Canadian scientists ‘questioned by agents over China links’

Trudeau administration hardens line on research ties to China, as academics report unsolicited approaches from intelligence agency

五月 9, 2023
Source: Getty

Scientists in Canada have reported being approached by intelligence agents enquiring about their foreign partnerships in what appeared to be part of a broader crackdown on research ties with China, the country’s leading faculty association has claimed.

The Canadian Association of University Teachers (CAUT) called on its members to resist apparent attempts by the Canadian Security Intelligence Service (CSIS) to violate a 60-year-old agreement to generally keep out of campus affairs.

“Some people are being terrified” by the requests for information, said David Robinson, CAUT’s executive director.

Other markers of the Trudeau government’s hardening line on academic ties to China include a new federal order requiring researchers applying for grant support from the nation’s three major science funding agencies to describe any potential national security risks arising from their planned work.

The government has also banned research partnerships with any foreign institution that has ties to its nation’s military or security services – a characteristic of all Chinese universities – and it is working on legislation that would require the formal registration of people working on behalf of a foreign government.

During the Trump era, Canada had tried to avoid following the same path as the US in severing links with China, but it lost ground in that effort after its 2018 arrest and detention of Meng Wanzhou, chief financial officer of the Chinese technology giant Huawei, at the request of the US. Last week, the Trudeau government acknowledged allegations that China had been threatening retaliatory action against the family members in Hong Kong of Michael Chong, a member of the Canadian parliament from the opposition Conservative Party who has been critical of China’s human rights record.

After hearing about contact between CSIS agents and scientists and administrators, CAUT decided to issue advice to its members, Mr Robinson said.

“We sent out information to our members saying, if you’re contacted by CSIS, the first thing to do is talk to us – we have a lawyer that handles this case – because there’s never an innocent conversation with a CSIS agent,” Mr Robinson said.

At least one institution, the University of Waterloo, has also issued the same basic warning to its researchers. “You do not have a legal obligation to talk to a CSIS officer,” Waterloo told its faculty in an advisory.

Canadian higher education more generally, however, was showing more willingness to engage with the government. The U15 grouping of Canada’s top research universities said it was working with federal officials to create guidelines for scientists that incorporated the perspective of national security officials.

The idea, said Chad Gaffield, a professor of history emeritus at the University of Ottawa who serves as the U15’s chief executive officer, “is to routinise the handling of research security on campuses just as we do with the other aspects of the responsible conduct of research”.

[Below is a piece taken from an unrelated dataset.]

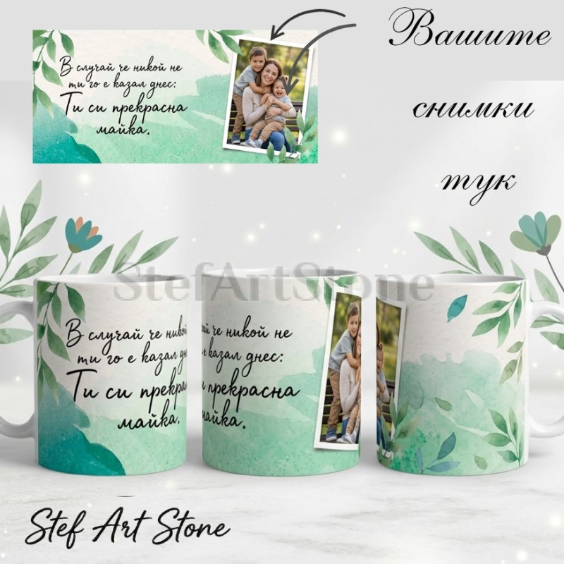 • Тип продукт: Висококачествена керамична чаша за сублимационен печат. • Вместимост: Стандартна 330 мл. • Материал: Бяла керамика отвътре, плътен цветен печат отвън. • Дизайн: Зелен акварелен фон с листа и утвърждаващ надпис за майката. • Персонализация: Вграждане на 1 брой Ваша снимка. • Опаковка: Включена подаръчна кутия.

But for now, Mr Robinson said, the uncertainty about the government’s intent was a major part of the problem with a federal approach that relied on academic scientists to judge security risks.

He added that CSIS agents directly contacting scientists seemed to clearly violate the Pearson-Laskin Accord, reached in 1963 between CAUT and the government, led by Lester Pearson at the time, which was forged after several Jewish academics were accused of links with Moscow.

“CSIS should not be active on campus, should not be engaged in any general surveillance,” Mr Robinson said. Its agents should get active on campuses only “when there’s clear and definitive risks that have been assessed and approved by higher-ups”, he said.